6. The following plot shows, for all ten regions, the change over time of the full-time median price for center-based childcare for infants, toddlers, and preschoolers. Recreate the plot. You do not have to replicate the exact colors or theme, but your plot should have the same content, including the order of the facets and legend, reader-friendly labels, axes breaks, and a loess smoother.

Tip

This will require transforming your data! Sketch out what you want the data to look like before you begin to code. You should be starting with your California dataset that contains the regions.

You will also be required to use functions from forcats to change the labels and the ordering of your factor levels.

Remember to avoid “object junk” in your environment!

Plot to recreate

Median Household Income vs. Childcare Costs for Infants

Refresher on Linear Regression

While a second course in statistics is a pre-requisite for this class, here is a refresher on simple linear regression with a single predictor.

7. Create a scatterplot showing the relationship between median household income (expressed in 2018 dollars) and the full-time median weekly price charged for center-based childcare for an infant in California. Overlay a linear regression line (lm) to show the trend.

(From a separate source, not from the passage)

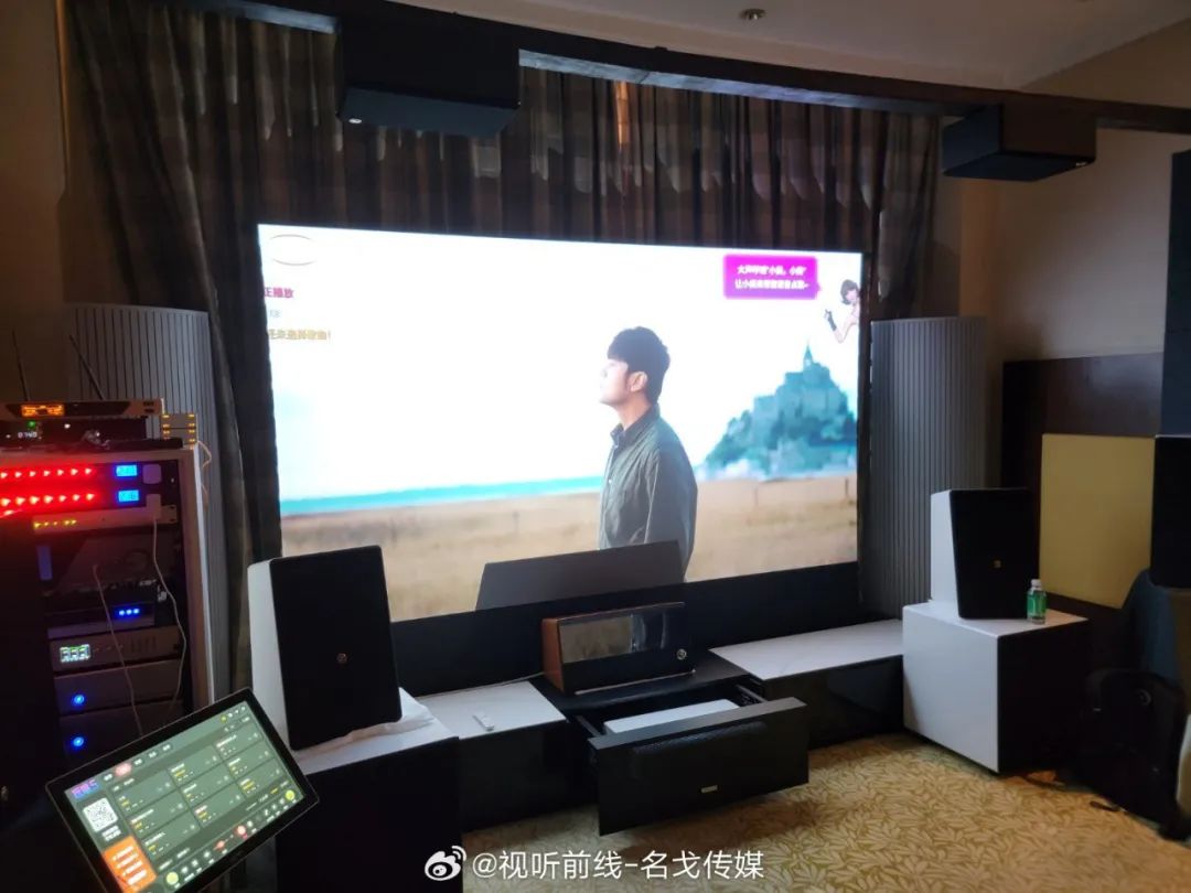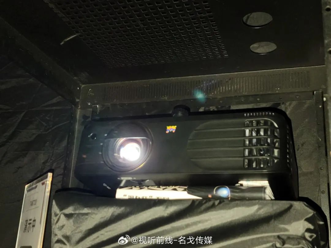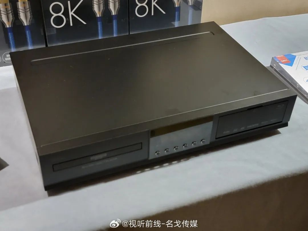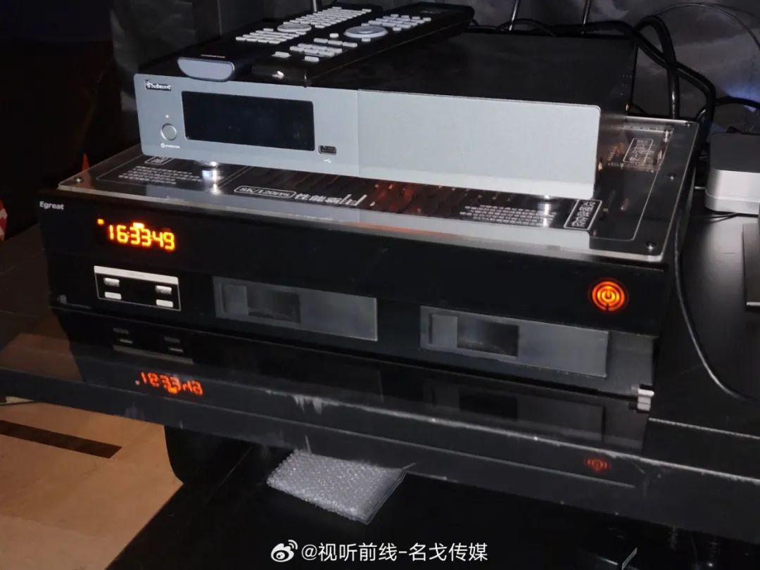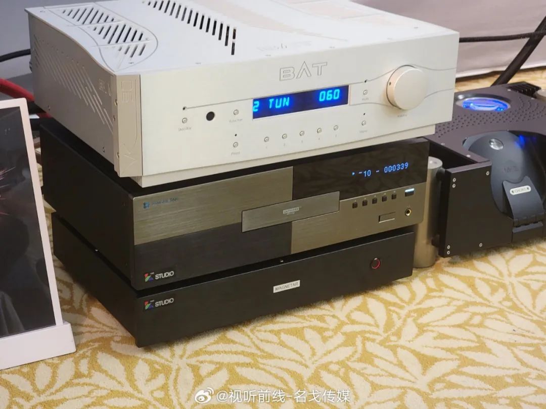 Magnetar(麦尼塔)的展房展出了UDP900、UDP800等蓝光机产品,搭配Perlisten(佰俪声)的音箱、JVC投影机进行影院示范。
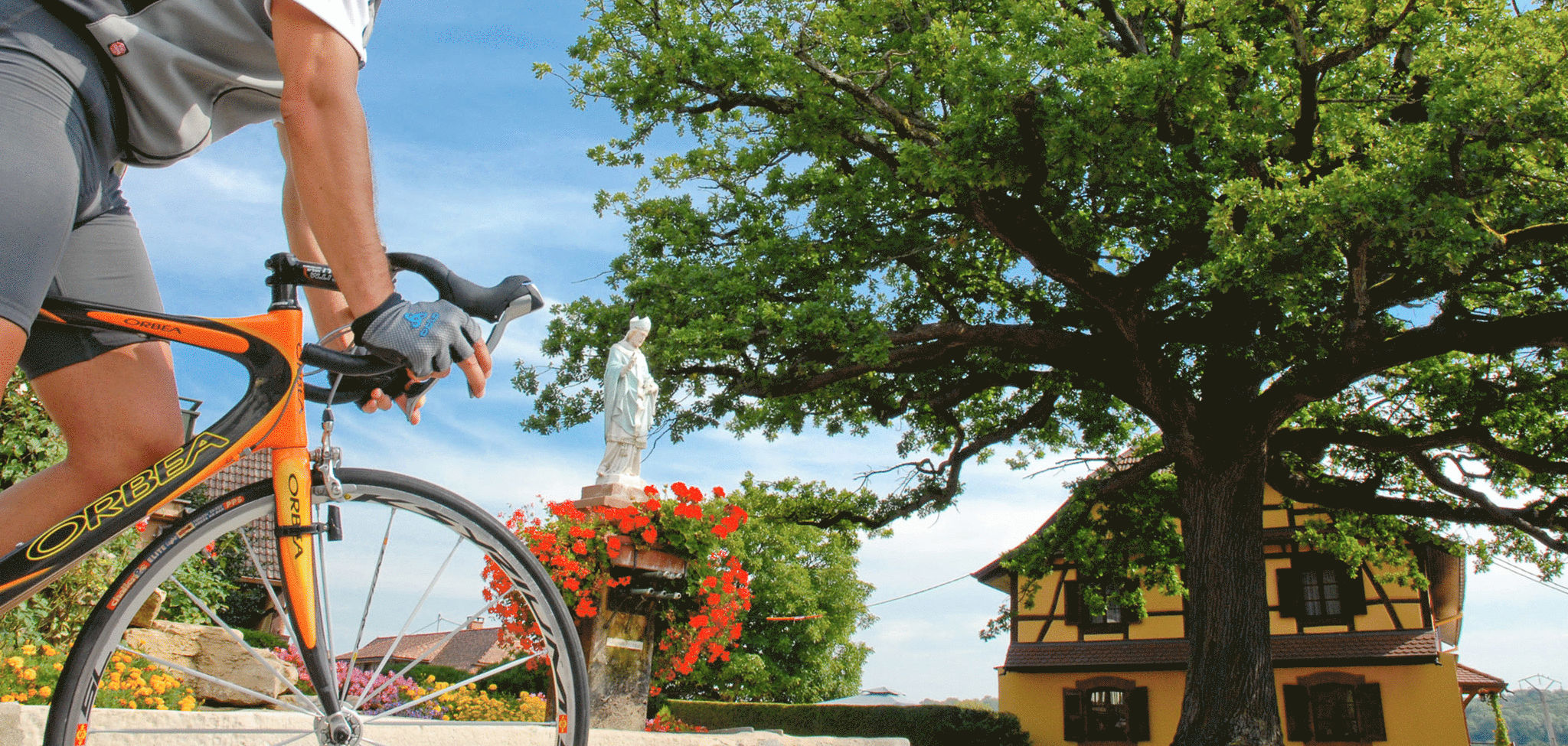 Laissez-vous conduire à travers le maillage serré des villages où quelques kilomètres seulement séparent un clocher d’un autre ; quelques tours de pédales suffisent pour changer de point de vue et de terrain de découverte.

8. Look up the documentation for lm() and fit a linear regression model to the relationship shown in your plot above.

# complete the code provided
reg_mod1 <- lm()
summary(reg_mod1)

9. Using the output from summary(), write out the estimated regression line (recall: \(y = mx + b\)).

10. Do you have evidence to conclude there is a relationship between the median household income and the median weekly cost of center-based childcare for infants in California? Cite values from your summary() output to support your claim!

There is no Challenge this week!

Please take this time to try your best to recreate the plot I provided in Question 6!

  • Can you match my colors?
  • Can you get the legend in the same order?
  • Can you get the facet names to match and be in the same order?

Could you even make the plot better? Could you add dollar signs to the y-axis labels? I might suggest you look into the scales package.